Sunday 25 March 2018

Review: There Are No Goodbyes by Paddy McMahon

(Harper Collins)

Guardian angels occupy a cherished place in our spiritual psyche. As children, the last thing Irish youngsters did was pray to their guardian angels, "to rule and guide, amen".

In adulthood, we've implored them to find fickle things like parking spaces and lost wallets and to get us safely through bumpy flights. However, talking to spirits that have 'passed over' was a different matter altogether. When you're dead, you're dead has been our mantra.

Enter Paddy McMahon (76), whose new book explores where people go after they die and which has emerged a surprise bestseller in just two weeks. McMahon, a former OPW civil servant from Co Clare was, at his own confession, totally surprised 32 years ago to suddenly find himself developing the ability to communicate with spirits through his spirit guide Shebaka and Margaret Anna Cusack aka the nun of Kenmare.

Last year, when Paddy set out to write this book on what happens to us after we die and how we can communicate with loved ones after they pass away, he had no idea what a personal journey he was about to embark on and it is this personal element which put Paddy's philosophy to the test in an extreme way.

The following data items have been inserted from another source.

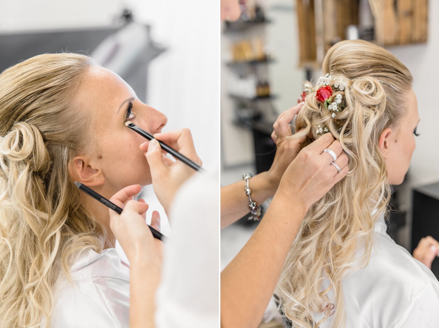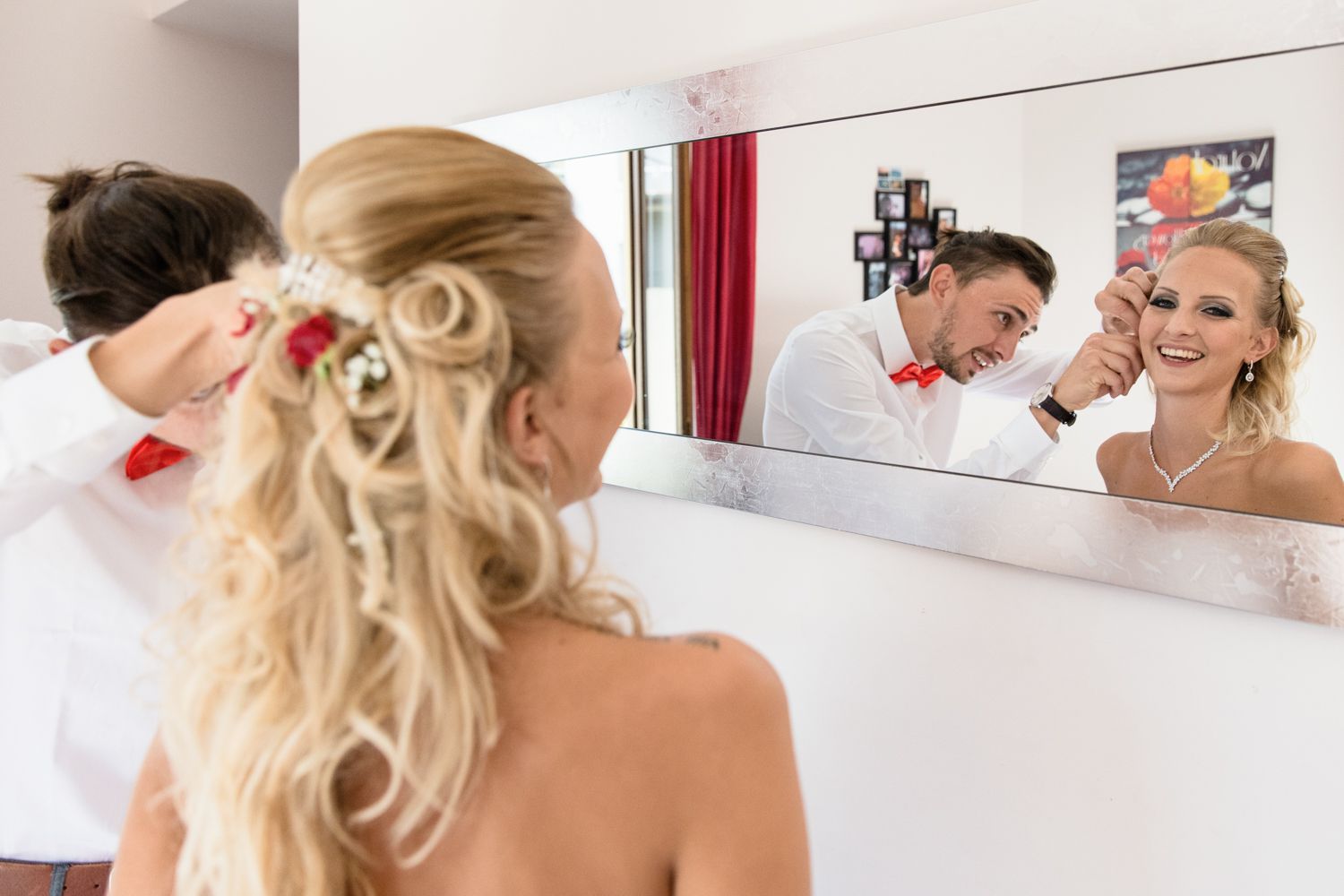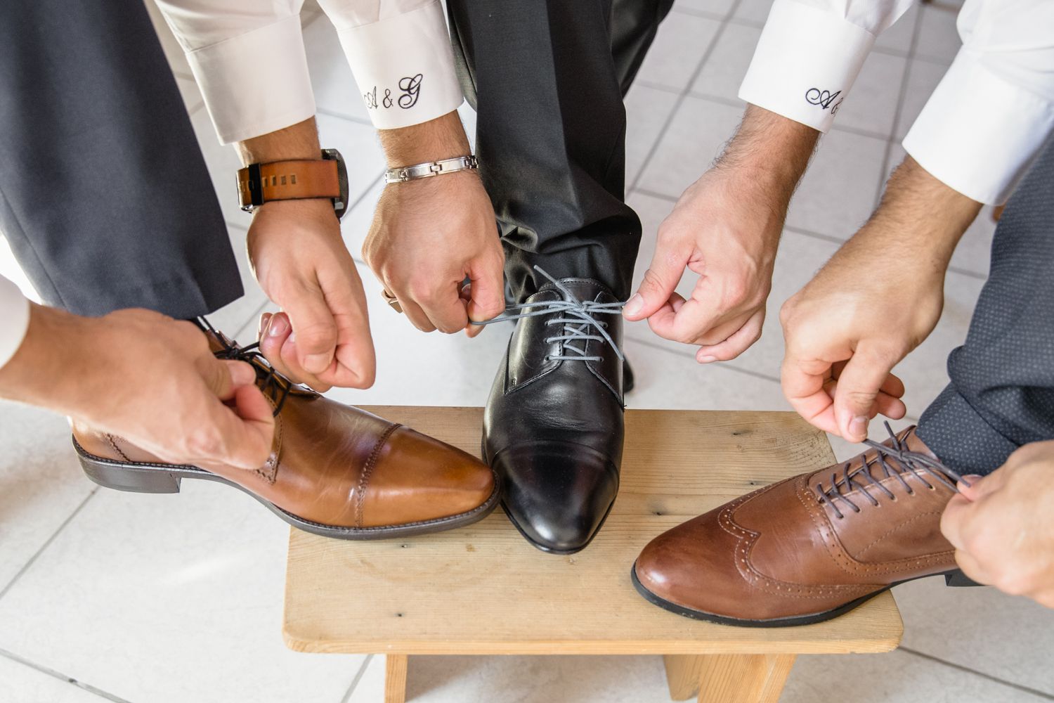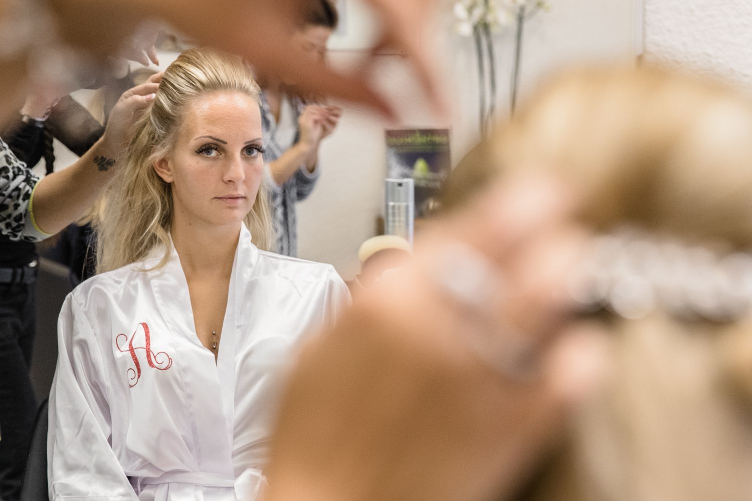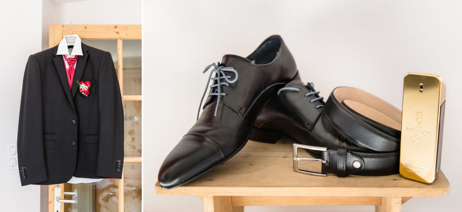 Pour commencer cette journée de mariage, nous avions rendez-vous dans le centre de Saint-Jean-de-Maurienne dans un salon de coiffure privatisé pour l’occasion. A vrai dire, la future mariée et sa témoin se faisaient maquiller et coiffer dans une ambiance détendue. Après quelques photos je suis passée récupérer les fleurs. En cas de besoin, je suis aussi là pour dépanner. Après cela, nous avons rejoint la maison familiale pour la suite des préparatifs. Au préalable, nous avions pris toutes les précautions pour que les futurs mariés ne puissent pas se croiser. A vrai dire, la maison était très grande et partagée par la famille. C’est ce style de grande maison que l’on trouve beaucoup dans nos régions. Du coup, il était entendu que l’habillage se ferait au premier étage et chacun son tour. En premier lieu, le marié et ses témoins puis ce serait aux filles de s’habiller.
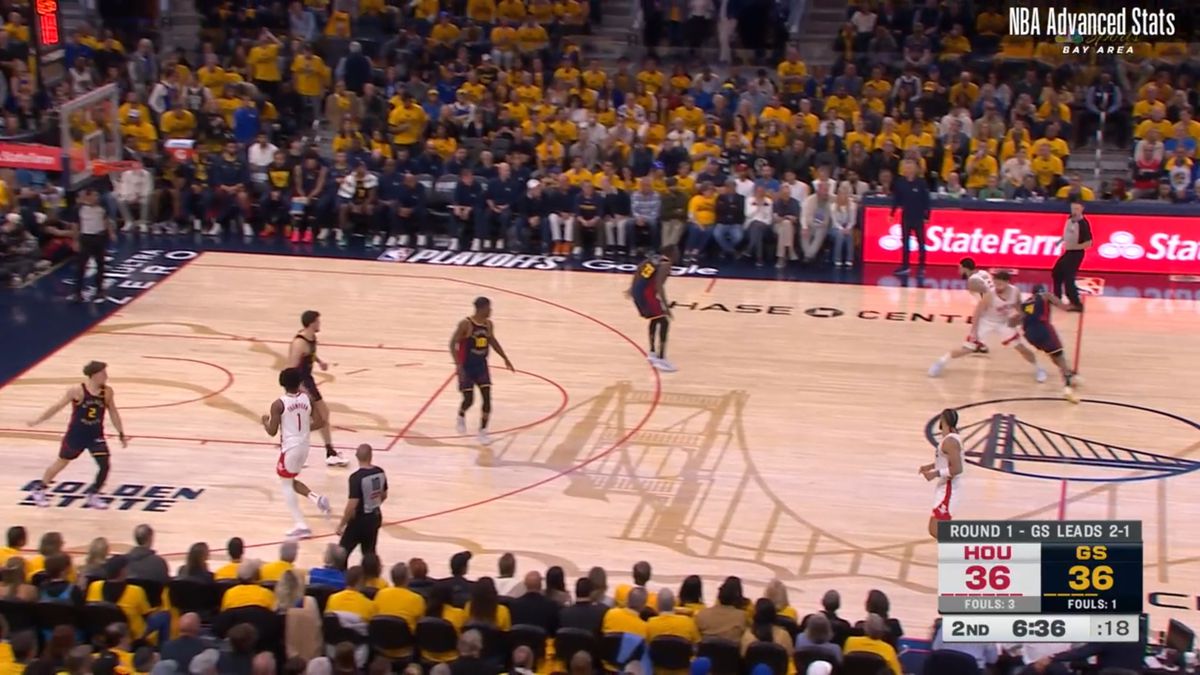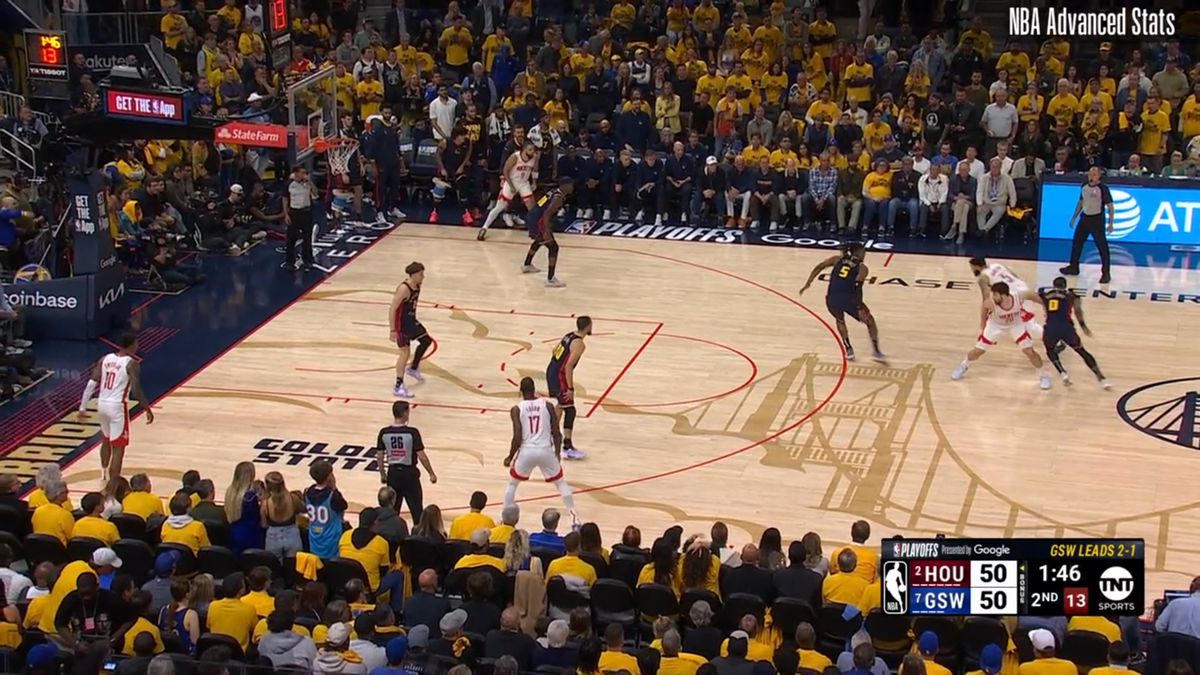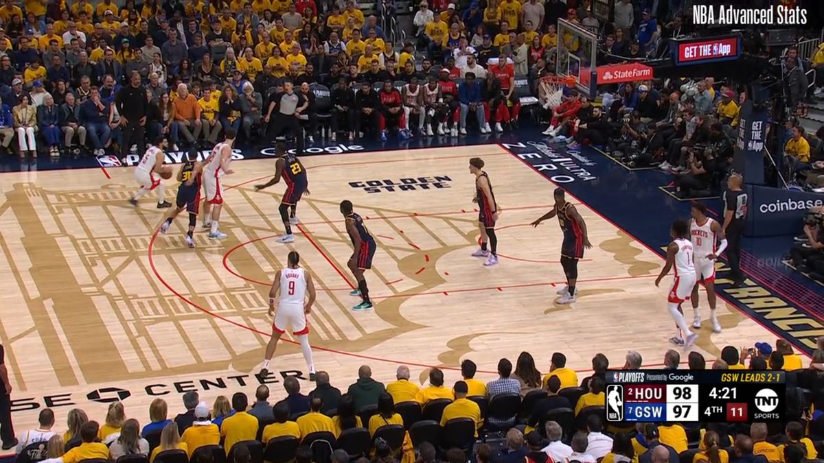 The inverted pick-and-roll possession above — and the one that came before it — ultimately informs what the Warriors decide to do when Udoka goes back to the inverted pick-and-roll in a crucial juncture of the game, with his Rockets down by a single point and needing to score.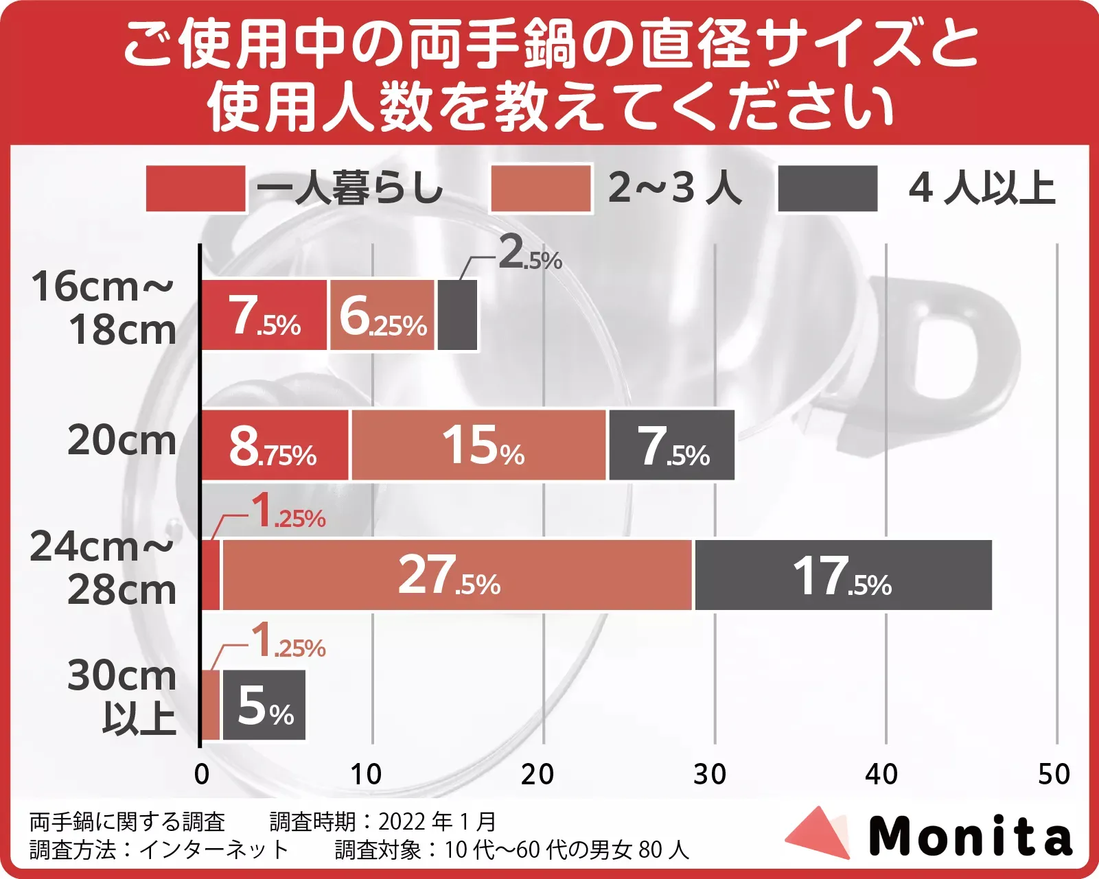 アンケートでは、家族の人数と鍋のサイズについても調査を行いました。その結果、一人暮らしでは16cm~18cm・2~3人暮らしでは20cm・4人以上の家庭では24cm以上の両手鍋を使用している回答者が多かったです。

Paddy's only son Brian was diagnosed with terminal cancer and he died on August 9 last, aged 46. While Paddy no longer feared death as he had as a child and as a young man, he was "torn" by Brian's impending demise. While his son tolerated Paddy's beliefs about life after death and guardian angels, Brian came from the 'when you're dead, you're dead' school of thinking.

"I was deeply concerned about the state of confusion that Brian would inevitably find himself in if he passed on believing that there would be only oblivion", explained Paddy. However three months before he died, Brian opened up and Paddy explained his understanding that "life continues after death and that the key to how it continues lies in our ability to be open-minded".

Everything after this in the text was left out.